The present study is of a causal-comparative type. Thirty-seven female athletes in anterior cruciate ligament injury high-risk disciplines participated in this study. Isometric and isokinetic knee extensors and flexors muscle strength status including the traditional hamstrings/quadriceps (H/Q) ratios were recorded at different stages of the menstrual cycle (follicular, ovulatory, luteal) by Biodex isokinetic dynamometry system 4. Then, the obtained results were analyzed by repeated measure analysis of variance.
Analysis of variance with repeated measures showed isokinetic and isometric strength in the knee flexor, and extensor muscles at an angular velocity of 60˚/s in the ovulatory phase are higher than the follicular and luteal ones. The strength of the muscles declined during the follicular and luteal phases (p ≤ 0.05).

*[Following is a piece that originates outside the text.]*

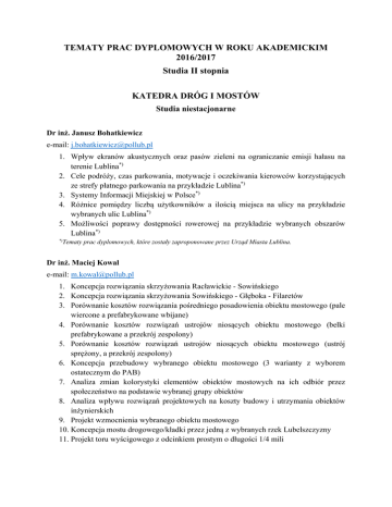 TEMATY PRAC DYPLOMOWYCH W ROKU AKADEMICKIM 2016/2017 Studia II stopnia KATEDRA DRÓG I MOSTÓW Studia niestacjonarne Dr inż. Janusz Bohatkiewicz e-mail: [email protected] 1. Wpływ ekranów akustycznych oraz pasów zieleni na ograniczanie emisji hałasu na terenie Lublina*) 2. Cele podróży, czas parkowania, motywacje i oczekiwania kierowców korzystających ze strefy płatnego parkowania na przykładzie Lublina*) 3. Systemy Informacji Miejskiej w Polsce*) 4. Różnice pomiędzy liczbą użytkowników a ilością miejsca na ulicy na przykładzie wybranych ulic Lublina*) 5. Możliwości poprawy dostępności rowerowej na przykładzie wybranych obszarów Lublina*) *) Tematy prac dyplomowych, które zostały zaproponowane przez Urząd Miasta Lublina. Dr inż. Maciej Kowal e-mail: [email protected] 1. Koncepcja rozwiązania skrzyżowania Racławickie - Sowińskiego 2. Koncepcja rozwiązania skrzyżowania Sowińskiego - Głęboka - Filaretów 3. Porównanie kosztów rozwiązania pośredniego posadowienia obiektu mostowego (pale wiercone a prefabrykowane wbijane) 4. Porównanie kosztów rozwiązań ustrojów niosących obiektu mostowego (belki prefabrykowane a przekrój zespolony) 5. Porównanie kosztów rozwiązań ustrojów niosących obiektu mostowego (ustrój sprężony, a przekrój zespolony) 6. Koncepcja przebudowy wybranego obiektu mostowego (3 warianty z wyborem ostatecznym do PAB) 7. Analiza zmian kolorystyki elementów obiektów mostowych na ich odbiór przez społeczeństwo na podstawie wybranej grupy obiektów 8. Analiza wpływu rozwiązań projektowych na koszty budowy i utrzymania obiektów inżynierskich 9. Projekt wzmocnienia wybranego obiektu mostowego 10. Koncepcja mostu drogowego/kładki przez jedną z wybranych rzek Lubelszczyzny 11. Projekt toru wyścigowego z odcinkiem prostym o długości 1/4 mili Dr inż. Stefan Firlej e-mail: [email protected] 1. Analiza wpływu połączenia warstw na trwałość nawierzchni 2. Ocena kolejności warstw w trwałości nawierzchni 3. Optymalizacja warstwy kruszywa łamanego w nawierzchni drogowej 4. Optymalizacja czasu robót ziemnych 5. Projektowanie niwelety drogi przy bilansowaniu robót ziemnych bezpośrednio 6. Frezowanie warstwy ścieralnej a trwałość nawierzchni w przebudowie 7. Ocena terminu przebudowy drogi istniejącej 8. Wariantowe rozwiązania konstrukcji nawierzchni drogowej 9. Ocena konstrukcji nawierzchni w zatoce komunikacji miejskiej 10. Ocena zmienności siły dośrodkowej w kolejowym łuku poziomym Dr inż. Sławomir Karaś e-mail: [email protected] 1. 2. 3. 4. 5. Drogowy most zespolony Przegląd szczegółowy wybranego obiektu mostowego Nieniszczące metody badania mostów betonowych Utrzymanie stalowych mostów kolejowych Uderzenia poziome w konstrukcje mostowe Dr inż. Jerzy Kukiełka e-mail: jerzy.kukieł[email protected] 1. Trwałość zmęczeniowa mieszanek mineralno-asfaltowych 2. Miał gumowy z recyklingu opon samochodowych i jego wykorzystanie w nawierzchniach asfaltowych 3. Katalogi typowych konstrukcji nawierzchni podatnych i półsztywnych krajowe i zagraniczne 4. Katalogi typowych nawierzchni sztywnych krajowe i zagraniczne 5. Trwałość nawierzchni o podbudowach z mieszanek mineralno-cementowoemulsyjnych Dr inż. Krzysztof Śledziewski e-mail: [email protected] 1. 2. 3. 4. 5. Technologia budowy mostu i jej wpływ na koszt inwestycji Analiza technologii montażu mostu zespolonego metodą nasuwania podłużnego Wpływ aspektów ekologicznych na rozwiązania projektowe obiektów inżynierskich Projekt mostu z elementami estetycznymi Trwałość i niezawodność obiektu mostowego Dr inż. Agnieszka Woszuk e-mail: [email protected] 1. Analiza wpływu rodzaju i ilości dodatku adhezyjnego na mrozoodporność mieszanek mineralno-asfaltowych 2. Projektowanie i badania wpływu rodzaju i zawartości asfaltu na sztywność mieszanek mineralno-asfaltowych. 3. Analiza wpływu zmian w strukturze rodzajowej pojazdów na wybranej sieci drogowej (powiat, województwo, kraj) na stan nawierzchni. 4. Temat własny studenta

Due to the negative effect of the follicular and luteal stages of the menstrual cycle on the strength of the flexor and extensor muscles of the knee, the risk of anterior cruciate ligament injury may increase during this period. Therefore, it is recommended that all female coaches and athletes take preventive measures during this period.
One of the most common traumatic injuries to the knee ligament is anterior cruciate ligament (ACL) which often occurs in female athletes (31). They are 2–10 times more at risk of ACL injury than males in sports involving deceleration, landing, and frequent rotations (31). The rate of this injury among female basketball and soccer players has been reported at 2.8 and 2.3 cases per 10000 individuals, respectively (1, 2). In addition, a female who practices these team sports is the most vulnerable to a non-contact ACL injury (32, 33). At least two-thirds of ACL injuries occur when an athlete performs acceleration, deceleration and jump-landing, pivoting and cutting manoeuvres (2).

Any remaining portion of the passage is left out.